Solve the Exact Differential Equation

Question

\begin{equation} (\frac{1}{x}+\frac{1}{x^2}-\frac{y}{x^2+y^2})dx+(ye^y+\frac{x}{x^2+y^2})dy=0 \end{equation} The above differential equation is exact. According to the text book I'm using the formula to solve this differential equation is the following: \begin{equation} f(x,y)=\int_{x_o}^{x}M(x,y)dx+\int_{y_o}^{y}N(x_o,y)dy=c \end{equation} In my lecture notes the solution is the following \begin{equation} ln(x)-\frac{1}{x}-arctan(\frac{x}{y})+ye^y-ey=C \end{equation} When trying to solve assuming $x_o$ be 1 and $y_o$ be 0 I have a remaining arctan function. If I had to guess it would be due to my point $x_o$ and $y_o$, and that it doesn t create a simply connected region.

Answer 1

The correct formula to solve the differential equation is $$ f(x,y)=\int_{x_0}^xM(x',y)\,dx'+\int_{y_0}^yN(x_0,y')\,dy'=C. \tag{1} $$ Proof.
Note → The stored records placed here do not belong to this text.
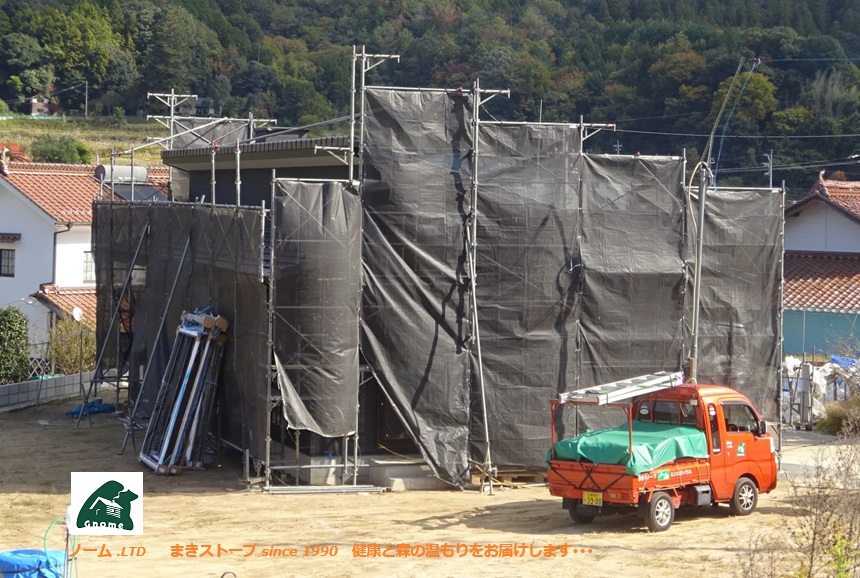 薪ストーブ設置に助成金が交付されている広島県東広島市にてマイホームのご新築工事が進むお宅に
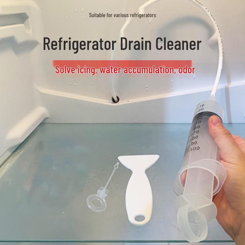 Refrigerator Unclogger & Cleaner Set: Bristle Brush, Cleaning Brush, Drain Unclogger, Deodorizer Box, Syringe
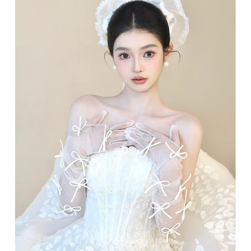 新しい蝶結びスタイルのウェディングドレス手袋ロングホワイトメッシュブライダルウェディングスタイルフォトスタジオドレスアクセサリー
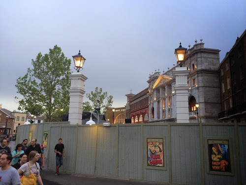 Ever since the Gringotts dragon was installed on top of the Diagon Alley bank, fans have been wondering how visible it will be from various places around the park. For starters, the Dragon is completely invisible from anywhere along the London Waterfront outside Diagon Alley, which is the most important place to conceal it from a theming perspective. Once you cross the bridge towards Men In Black, you can see a semi-obscured side view of the dragon from near the Roboasis Coke display.
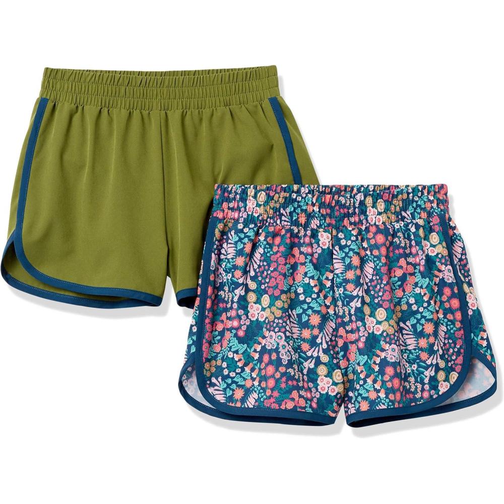 Amazon Essentials Girls and Toddlers’ Active Running Shorts, Pack of 2(Olive Floral)
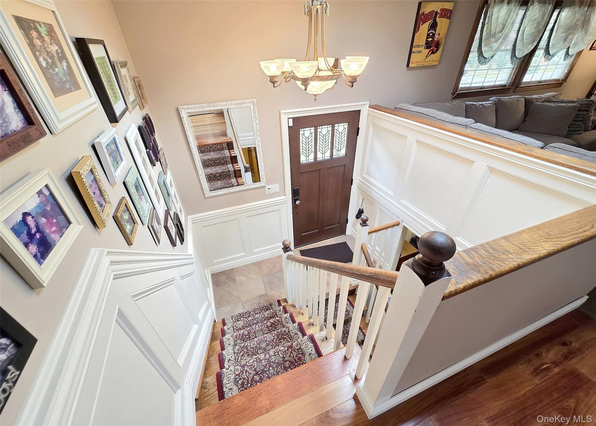 - Entryway with a decorative wall, wainscoting, stairs, a chandelier, and healthy amount of natural light
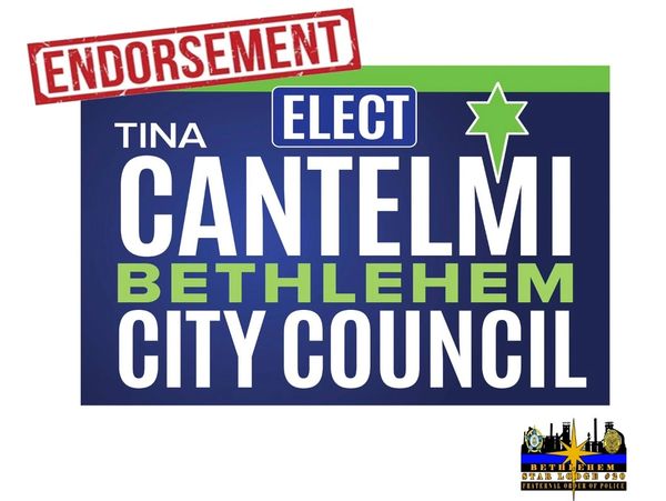 Tina Cantelmi is honored to be endorsed by Bethlehem Star Lodge #20, representing the dedicated members of the Bethlehem Police Department.

Using Leibniz integral rule in $(1)$, we obtain $$ \frac{\partial f}{\partial x}=M(x,y) \tag{2} $$ and \begin{align} \frac{\partial f}{\partial y}&=\int_{x_0}^x\frac{\partial}{\partial y}M(x',y)\,dx'+N(x_0,y) \\ &=\int_{x_0}^x\frac{\partial}{\partial x'}N(x',y)\,dx'+N(x_0,y) \\ &=N(x,y)-N(x_0,y)+N(x_0,y)=N(x,y).\quad\square \phantom{\int} \tag{3} \end{align} Now, let's apply $(1)$ to the given ODE: \begin{align} \int_{x_0}^xM(x',y)\,dx'&=\int_{x_0}^x\left(\frac{1}{x'}+\frac{1}{(x')^2}-\frac{y}{(x')^2+y^2}\right)dx' \\ &=\ln|x|-\frac{1}{x}-\arctan\left(\frac{x}{y}\right) -\ln|x_0|+\frac{1}{x_0}+\arctan\left(\frac{x_0}{y}\right), \tag{4} \\ \int_{y_0}^yN(x_0,y')\,dy'&=\int_{y_0}^y\left(y'e^{y'}+\frac{x_0}{x_0^2+(y')^2}\right)dy' \\ &=(y-1)e^y+\arctan\left(\frac{y}{x_0}\right)-(y_0-1)e^{y_0}-\arctan\left(\frac{y_0}{x_0}\right). \tag{5} \end{align} Substituting $(4)$ and $(5)$ in $(1)$, we get \begin{align} f(x,y)&=\ln|x|-\frac{1}{x}-\arctan\left(\frac{x}{y}\right)+(y-1)e^y \\ &\phantom{=}+\arctan\left(\frac{x_0}{y}\right)+\arctan\left(\frac{y}{x_0}\right)+g(x_0,y_0)=C. \tag{6} \end{align} Since $g(x_0,y_0)$ is a constant, and $$ \arctan\left(\frac{x_0}{y}\right)+\arctan\left(\frac{y}{x_0}\right) =\frac{\pi}{2}, \tag{7} $$ we can rewrite the solution to the ODE as $$ \ln|x|-\frac{1}{x}-\arctan\left(\frac{x}{y}\right)+(y-1)e^y=C', \tag{8} $$ where $C'$ is a new constant.